The purpose of the From File process is to define the input file naming pattern, schema, and load the data into a big data environment. A source connection will need to be defined first on the Connections page and that Connection will need to be dragged onto the canvas, selected, and connected to the From File process.
Process Configuration
Configuration of this process includes three screens.
Input
This section provides the information Syntasa needs to understand the source connection path of the files and details of the files that need to be ingested.
- Source Path - folder within the source connection the files reside. Do not include bucket name or directory name specified in the Connection.
- Source File Pattern - file name pattern of the raw files to pull specific source files from the connection, keeping in mind that the files may be .tar or .zip containing multiple files, such as the raw data and supporting enrichment data. This provides the ability to pull specific files from a Connection where multiple source files may exist.
- Event File Pattern - file name of separate raw events file, if exists, if not use same pattern as source file. For example, Adobe provides a .tar file named with report suite and date, inside that .tar file is the hit_data.tsv file. In this example, the user would enter hit_data.tsv in this field because it is the event file of the source file.

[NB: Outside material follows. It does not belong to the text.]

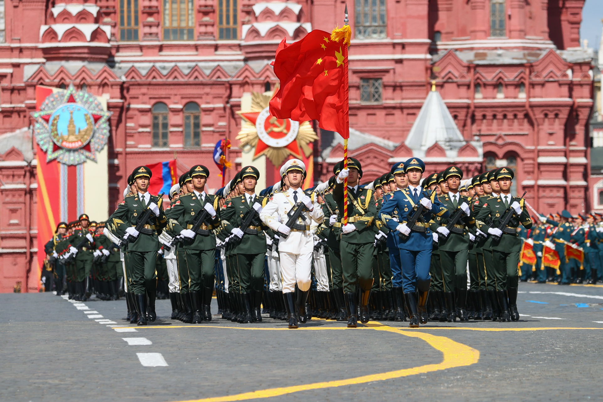 5月9日,在俄罗斯首都莫斯科,中国人民解放军三军仪仗队方队参加纪念苏联伟大卫国战争胜利80周年阅兵式。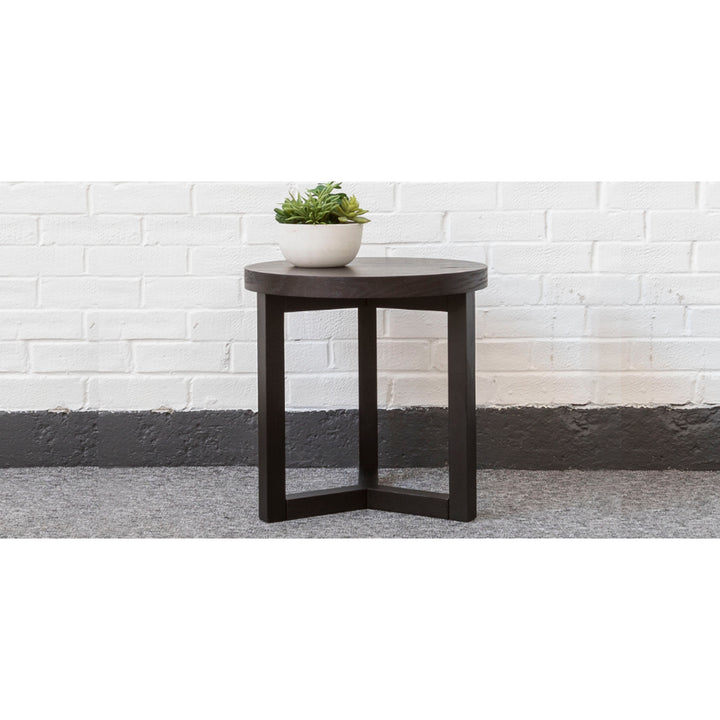 The three-legged cross-frame structure is not only a highly practical way of maximising its suitability for use in various locations but also works to soften the sharpness of its lines. Circular and generously proportioned, with a height and diameter of 50cm, this side table will be a highly desirable addition to any room.

- File Type - Tar, Textfile, Zip file type
- Compression Type - specify if the file is compressed and compression type
- Incremental Load - provides option to keep previous files or overwrite in the case of one time lookup load
- File Name Has Date - specify if the filenames provide a date if the data source needs to be partitioned by date
- Date Pattern - pattern of the date in the filename (i.e. yyyy-MM-dd)
- Date Extraction Type - Regex or Index
- Regex Pattern - pattern of the date using regex extraction
- Group Number - group number of regex extraction string
- Date Manipulation - provides means to shift partition date by positive or negative number of days compared to file date (i.e. file date is 2018-08-01, but contents of file is 2018-07-31)
Schema
This section provides the ability to define the column names of the input file and time column.
- File Data Format - Avro, Delimited, Apache Log, Hive Text drop down menu
- Delimited requires a Field Delimiter (i.e. \t for tab delimited)
- Apache requires an Apache Log Format and a Regex Pattern
- Hive Text requires a Serde and Serde Properties
- Log Format - comma separated list of input column headers
- Time Source - column designating a timestamp, required incremental loading
- Time Format Type - specify how the time Source field is formatted
Output
The Outputs tab provides the ability to name table and displayed name on the graph canvas, along with selecting whether to load to Big Query (BQ) if in the the Google Cloud Platform (GCP), load to Redshift or RDS if in Amazon Web Services (AWS), or simply write to HDFS if an using on-premise Hadoop.
Expected Output
Data from the source connection file in the Input tab of this process is loaded to Hive. Also, it provides the ability for Syntasa to be aware of the State and schema for downstream usage, and optionally write to other environment specific query engines.